OF ALL THE the candidates whose campaigns she assisted, U.S. Senator Wayne Morse was her favorite. She respected him for his lonely opposition in the Senate to the Vietnam War.

Schiewe, who's divorced, has two daughters and six grandchildren. One daughter, Shirley Alhadeff, teaches at Portland's Buckman School, and the other, Patty Bogle, runs a vineyard and winery near Sacramento.

***

R.C. HENARIE, retired secretary-treasurer of Multnomah Typographical Union No. 58, passed along an article from U.S. News & World Report magazine which says that Republican U.S. Senator Jesse Helms of North Carolina has teamed up with the National Right-to-Work Committee in its fight against labor unions. The magazine said: "The North Carolina Republican is calling on anti-unionists to help pass the National Right-to-Work Act, which he says would 'repeal forever Big Labor's power to force workers to pay union dues in order to work.' In overheated language, the lawmaker says dues fund 'violent organizing drives, a limousine lifestyle for union bigwigs, and bankroll radical, tax-and-spend politicians like Ted Kennedy and Bill Clinton.' "

Helms, a former television commentator, has one of the worst voting records on working family issues.

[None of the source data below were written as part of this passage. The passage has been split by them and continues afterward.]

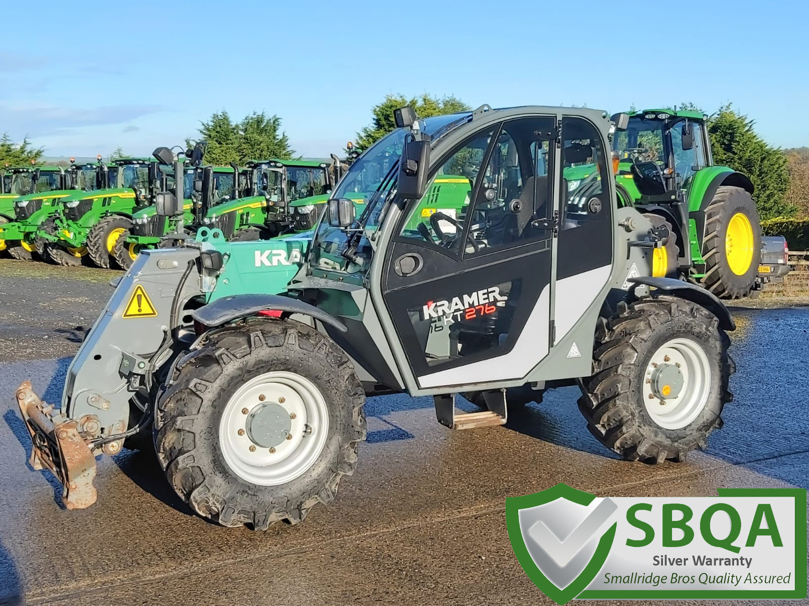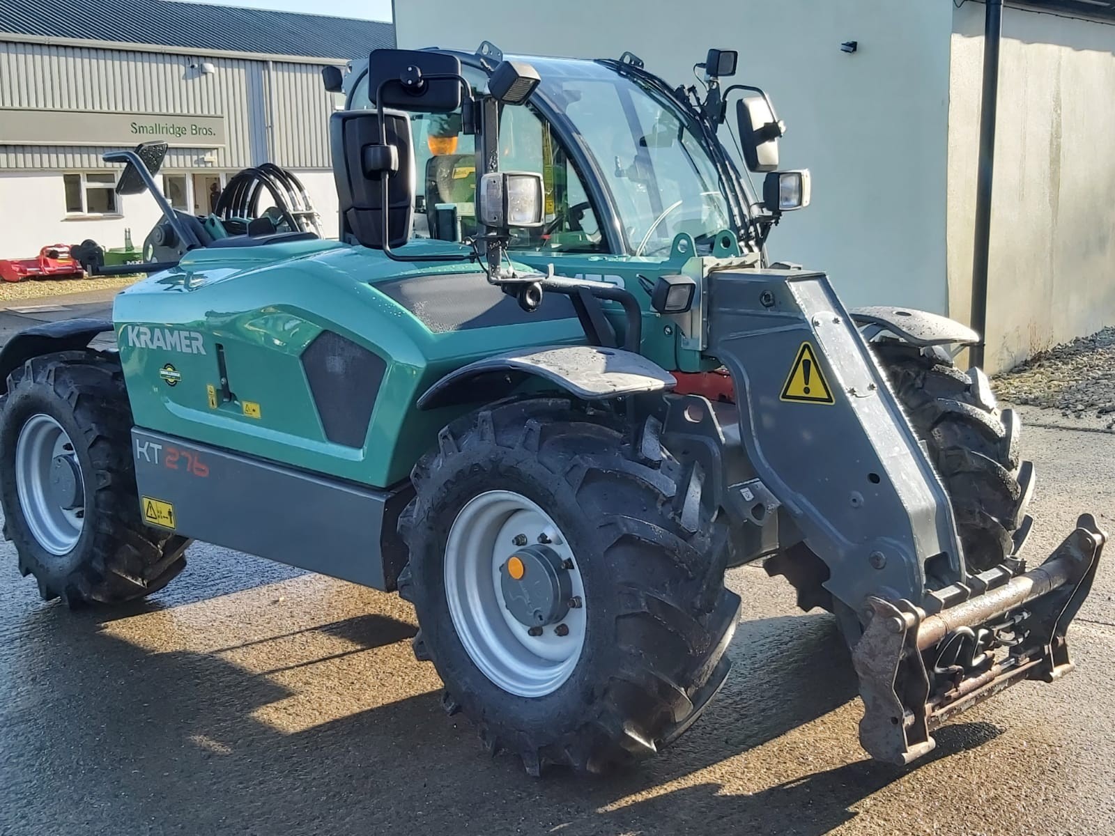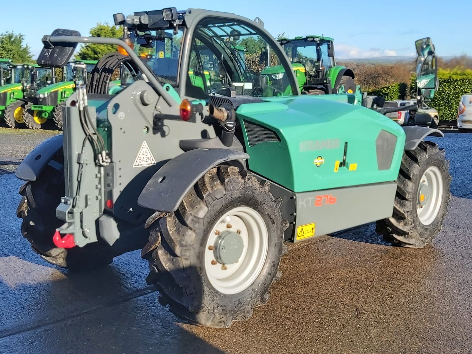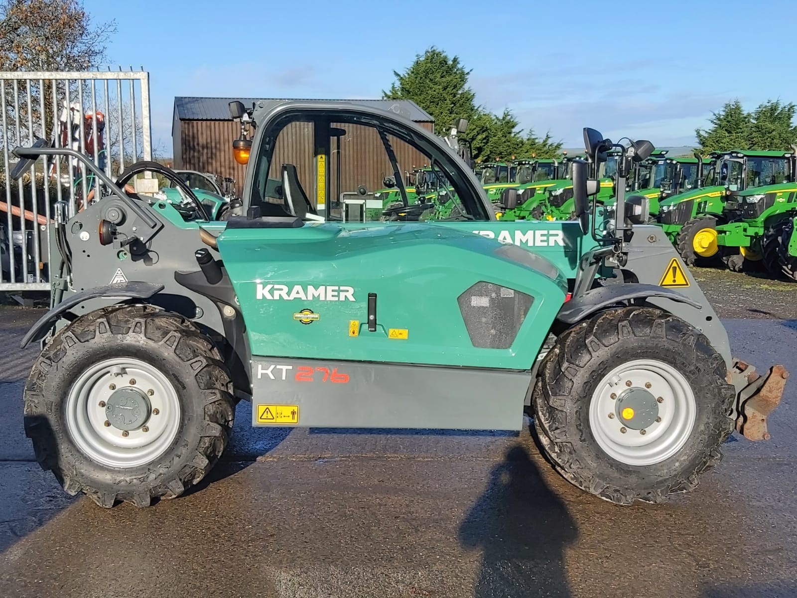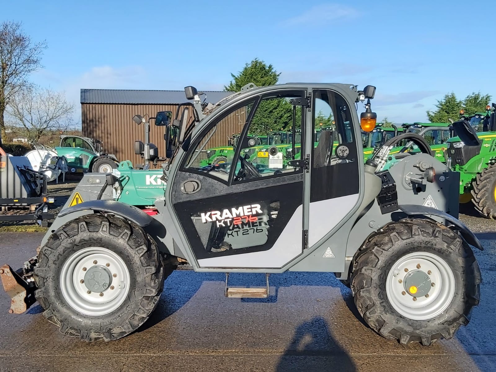 2022 KRAMER KT 276 TELEHANDLER. 75HP KOHLER ENGINE WITH REVERSING FAN, 30KPH 2 SPEED HYDROSTATIC TRANSMISSION, AIR CONDITIONED CAB WITH AIR SUSPENSION SEAT & STEREO, BOOM SUSPENSION, PICK-UP HITCH, HYDRAULIC LOCKING EURO CARRIAGE. ON NEW 405/70R20 MAXXAM. FULLY SERVICED & PREPARED WITH SBQA.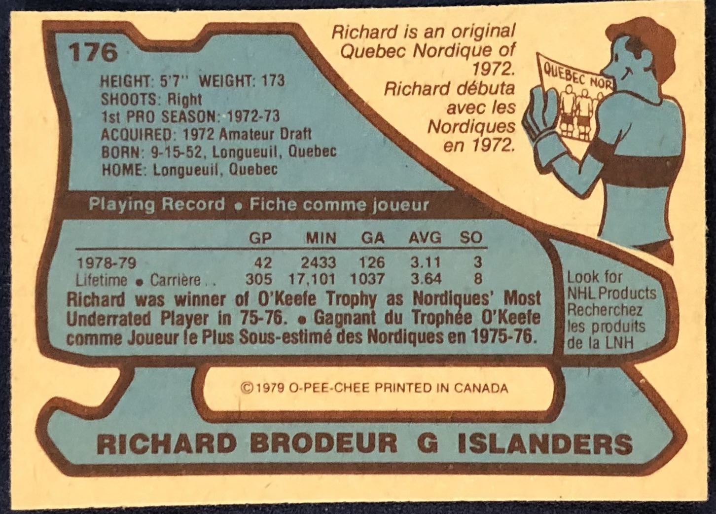Card #176 OPC, NHL, hockey, vintage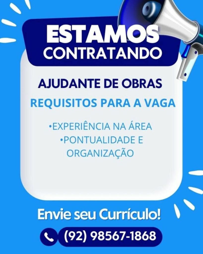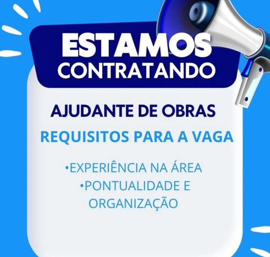 Empresa seleciona para vaga de Ajudante de obras; Envie seu currículo!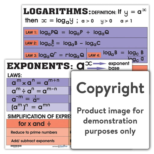 Wall Charts and PostersCode: MSA3-EOriginal price R 70.00 - Original price R 70.00Original priceR 70.00R 70.00 - R 70.00Current price R 70.00| /Full colour wall chart / poster depicting the laws and expressions of exponents and logarithms.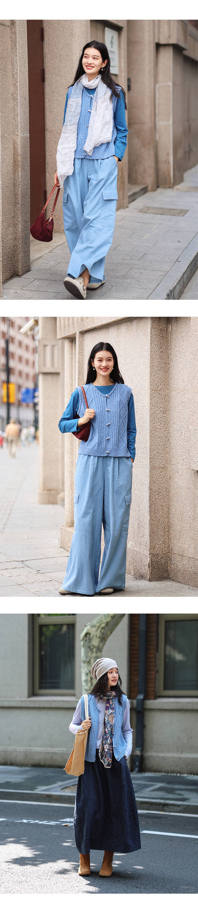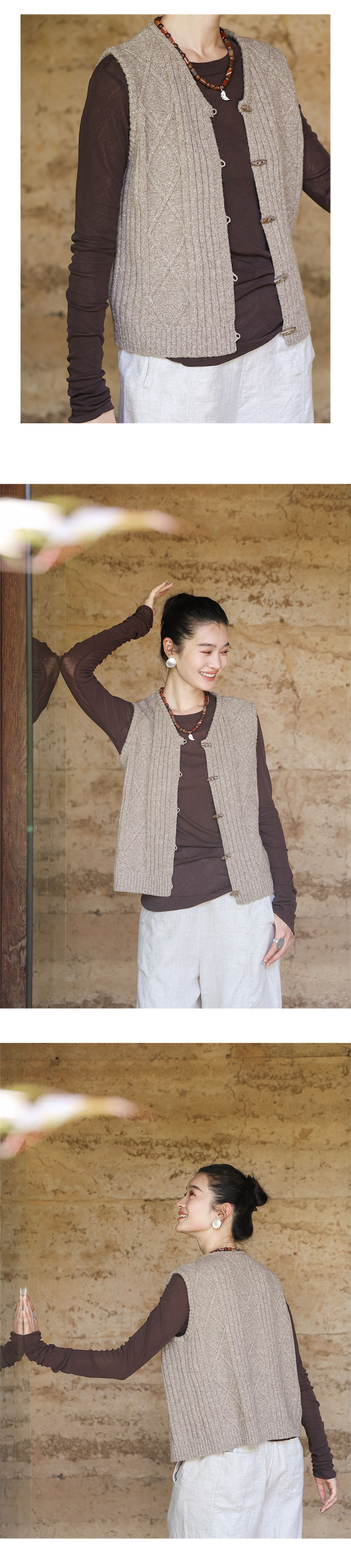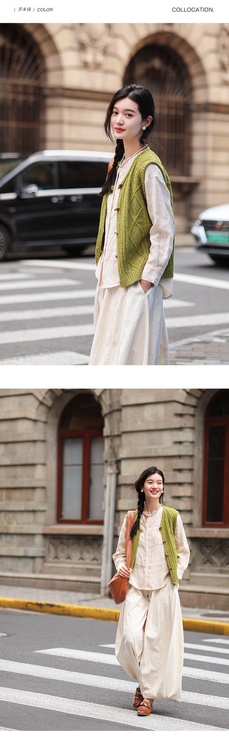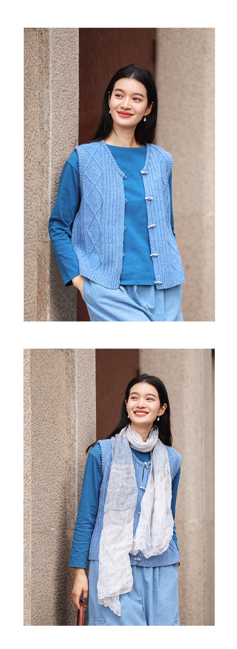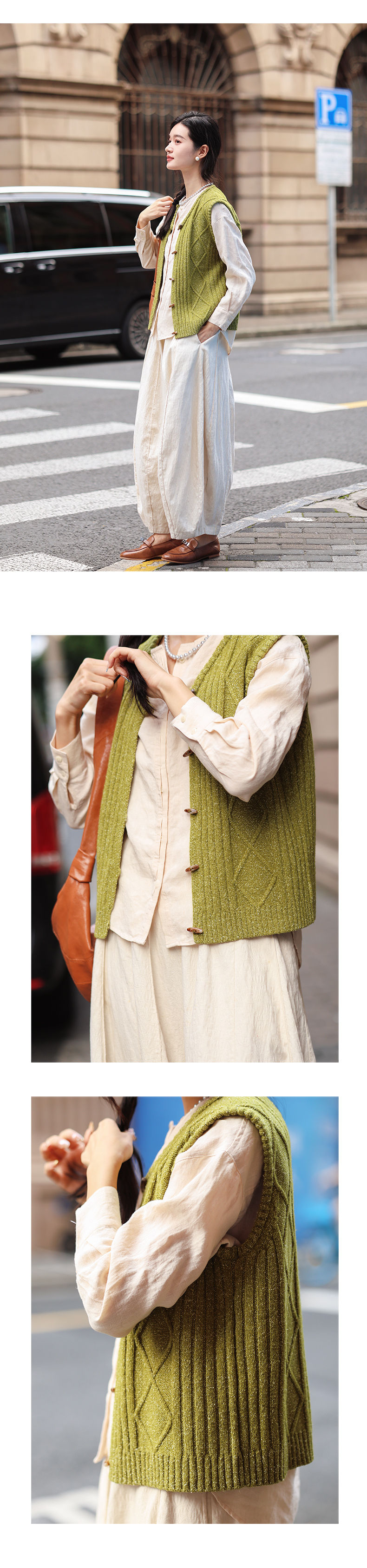 绽放旅行女装482朵/丝落绵美利奴羊毛点子纱绞花毛织马甲外搭叠穿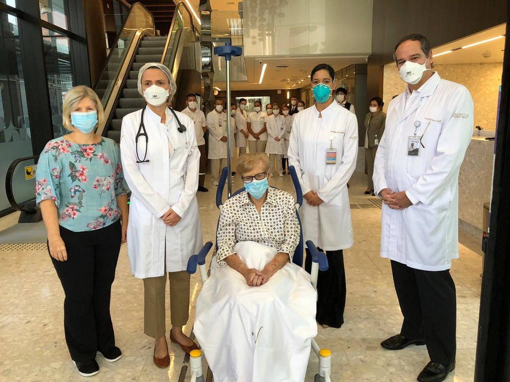 Com seis netos e cinco bisnetos, a nonagenária deixou o hospital sob aplausos dos profissionais.

Southern red-neck Helms pushes the same anti-worker line as Oregon right-wingers Frank Eisenzimmer, a Boring health club magnate and founder of the misnamed Oregon Taxpayers United (OTU); William Lee Sizemore, OTU's resident loudmouth and erstwhile bankrupt businessman and tax delinquent; and Republican State Senate Majority Leader Gene Derfler of Salem, to name a few.

***

GENE R. LINDHOLM of Estacada, president of Glass, Molders, Pottery, Plastics and Allied Workers Local 112, sent in the following notice concerning the death of his brother-in-law, Daniel Maltase of Portland:

"Memorial services were held Tuesday, July 20, at 1 p.m. at Lincoln Willamette for Dan Maltase. He retired in December 1984 after serving as president of International Association of Machinists Local 141. Dan also served 20 years as chairman of the Local 141 Grievance Committee. We have lost another good union man. Our prayers go to his family and friends."

***

THE RECENT REPORTS in the Labor Press by Don McIntosh on the problems of Amalgamated Transit Union Local 757 with Canadian transit giant Laidlaw Inc. brings to mind this thought: If Laidlaw tried to use in Canada the same labor relations tactics it has employed in the United States, it would quickly run afoul of Canada's much tougher labor laws. Another thought: Perhaps the U.S. needs a law which permits seizure by the U.S. or any state of assets of foreign-owned companies that thumb their noses at American labor and environmental laws.

***

TRI-MET, the Portland metro area's state-established mass transit system, has hired Laidlaw's former Chicago area general manager as executive director of operations. Why?